Ayrıca hayat kısa olsa da uzun olduğuna da inanıyorum. Belki de bu "yaş sayıdan başka bir şey değildir" klişesi bir dereceye kadar gerçeğe sahiptir, çünkü teknolojik gelişmeler bize daha uzun bir yaşam süresi sağlar ve kendimize ve sağlığımıza bakmak için bazı kontrollü önlemler alabileceğimizi bilmenin rahatlığı vardır. . Ve daha mecazi anlamda, eğer gençliğimizin bir kısmını, çocuksu masumiyetimizin bir kısmını hala tutarsak, yaş kesinlikle “sadece bir sayı” olabilir. Kanımca, bayat şakalara gülmek ya da küçük şeyler, küçük zevkler yüzünden heyecanlanmak ve sersemletmek için asla çok yaşlı değiliz. Benim için bu tür duygular okyanusta yüzdüğümde ve suya, havaya ve güneşe aşılanmış bir sükunet duygusu hissettiğimde ortaya çıkıyor.

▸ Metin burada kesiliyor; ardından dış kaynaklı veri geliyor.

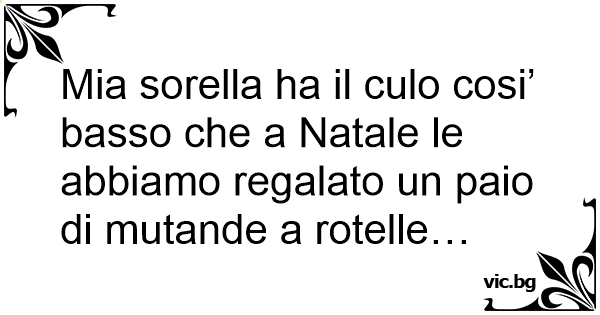 Mia sorella ha il сulо cosi’ basso che a Natale le abbiamo regalato un paio di mutande a rotelle…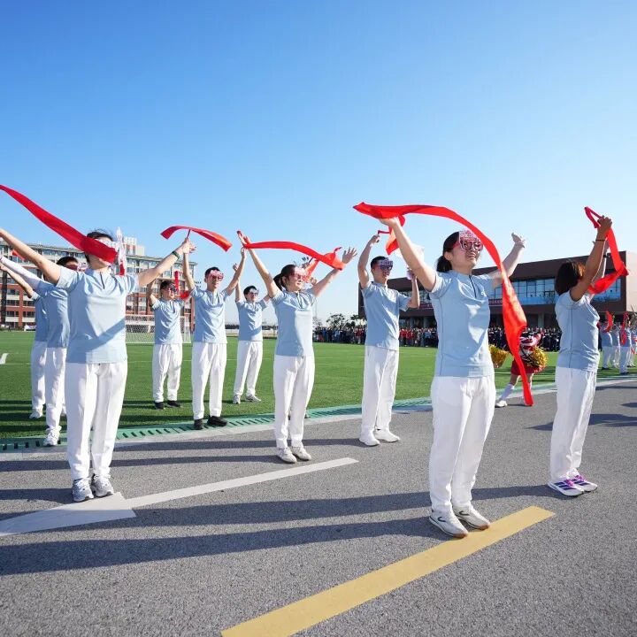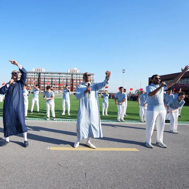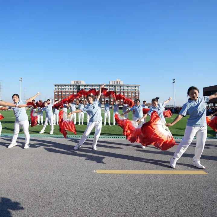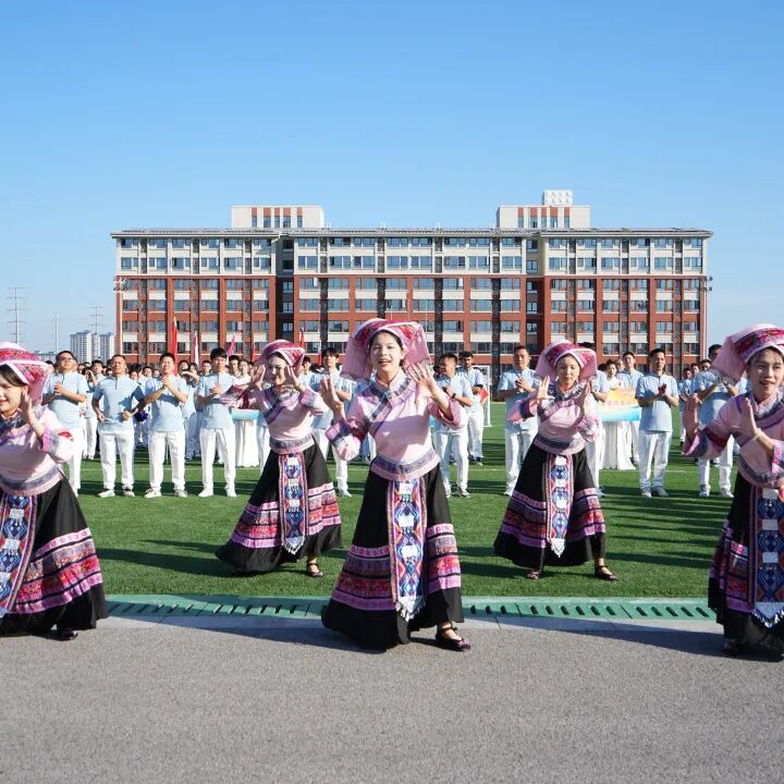 晨曦初照,开幕式现场人声鼎沸,热闹非凡,8支参赛队伍迈着整齐的步伐,跟随国旗、司旗、运动会会旗入场,带来各具特色的精彩表演。彩带飘扬、花团簇簇,啦啦操与大合唱、彩扇舞与锦缎阵,形式各样的开幕式表演将民族的、也将世界的文化凝结汇聚,展现出全球中伟人拼搏向上、自立自强的精神面貌,诠释了“责任 创新 多元 共赢”的精神内核。

Burada çok klişe görünme riskiyle, asla yaşlanamayacak kadar yaşlı değiliz yükselmek. (Söylememek için çok uğraştım uçmak.)

Psychology Today, Susan Scar Merrell tarafından 1990'lardan (en son 2016'da gözden geçirilmiş olsa da) bir makale yayınladı. "Yaşlanmanın Üstesinden Gelmek" te, yaşlanmanın nasıl olmadığından bahsediyor gibieskiden olduğu gibi göz korkutucu.

Merrell, "İlk sürpriz, orta yıllara toplu olarak giren bizler, şu anda, 1990'larda otuzlu, kırklı ve ellili yaşlarımızı vurduğumuz için gerçekten şanslıyız" dedi. "Bir uygarlığın durumu yaşlanmanın kaçınılmaz yolu üzerinde çok gerçek bir etkiye sahip olduğu için, her nesil farklı yaşlanmayı deneyimler."

Yaşlanma sürecinden bahseden bir psikolog olan Helen Kivnivk'ten alıntı yapmaya devam ediyor.Kivnick, sonraki yaşamın birkaç faktör tarafından belirlendiğini aktarıyor - biyoloji, tarih, toplum ve kültür ve daha sonraki yaşamın artık uzun ömürlülükle tatmin olma potansiyeline sahip olduğunu öne sürüyor. Kivnick, "Artık bildiğimiz gibi yaşlılık çok yeni ve eskisi gibi görünmüyor," dedi. “İnsanlar daha uzun ve daha fazla bağımsız yaşadıkları için geleceklerini daha aktif bir şekilde planlayabilirler. Bugün yaşlılar [65 yaşın üzerindekiler] yeni bir çığır açıyor. "

Ayrıca Merrell, öz farkındalığın anahtar olduğunu söyledi. "Kişiliğiniz muhtemelen yaşlandıkça tanınmayacak kadar değişmeyecek," dedi. Böylece pratik yollarla gelecek hakkında spekülasyon yapmaya başlayabilirsiniz. Temel soruları düşünmeye başlamak için asla erken değildir: Benim için önemli olan nedir? En çok hangi hayatı yaşamak istiyorum? Kiminle ve nerede? Kendi aileme yakın kalmayı mı yoksa yaşlı bir toplulukta olmayı mı tercih ederim? Seyahat etmek ister miyim? Daha büyük dünyaya nasıl bağlı kalacağım? Ne katkı yapmalıyım? "

Söylemeye gerek yok, bunu yazarken doğum günüm geçti ve bir yaş daha büyüğüm ve bu on yılın son aşamasına takılıyorum. Ancak evet, hepimizin kendi yolumuzda olduğunu ve insani anlarımızı bastırmak zorunda olmadığımızı ve evet, uzun ve sağlıklı bir yaşam sürdürmek için hala adımlar atabileceğimizi ve evet, asla olmadığını hatırlamakta fayda var. oyun alanı salıncaklarında uçmak için çok geç.